** Opening Provided records block **

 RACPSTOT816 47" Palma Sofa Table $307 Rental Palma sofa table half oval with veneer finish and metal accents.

** Closing Provided records block **
** Opening Provided records block **

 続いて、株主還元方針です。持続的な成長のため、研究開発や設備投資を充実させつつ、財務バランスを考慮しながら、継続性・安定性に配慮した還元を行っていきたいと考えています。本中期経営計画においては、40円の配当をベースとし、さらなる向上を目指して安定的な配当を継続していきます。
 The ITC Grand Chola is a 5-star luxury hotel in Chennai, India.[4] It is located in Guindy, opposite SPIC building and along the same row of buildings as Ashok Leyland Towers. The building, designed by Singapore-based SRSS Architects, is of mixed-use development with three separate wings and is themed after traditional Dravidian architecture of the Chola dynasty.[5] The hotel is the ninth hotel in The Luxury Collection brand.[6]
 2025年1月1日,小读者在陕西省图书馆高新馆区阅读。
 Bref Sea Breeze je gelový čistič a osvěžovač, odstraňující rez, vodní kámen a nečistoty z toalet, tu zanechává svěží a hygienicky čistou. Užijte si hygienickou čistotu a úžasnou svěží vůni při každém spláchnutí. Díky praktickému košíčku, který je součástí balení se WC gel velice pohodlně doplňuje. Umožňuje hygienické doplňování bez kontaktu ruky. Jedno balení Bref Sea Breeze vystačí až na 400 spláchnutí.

** Closing Provided records block **

#### Problem details
Search the material for the word "with" and copy each line where it occurs.

#### Expected answer
 RACPSTOT816 47" Palma Sofa Table $307 Rental Palma sofa table half oval with veneer finish and metal accents.
 The ITC Grand Chola is a 5-star luxury hotel in Chennai, India.[4] It is located in Guindy, opposite SPIC building and along the same row of buildings as Ashok Leyland Towers. The building, designed by Singapore-based SRSS Architects, is of mixed-use development with three separate wings and is themed after traditional Dravidian architecture of the Chola dynasty.[5] The hotel is the ninth hotel in The Luxury Collection brand.[6]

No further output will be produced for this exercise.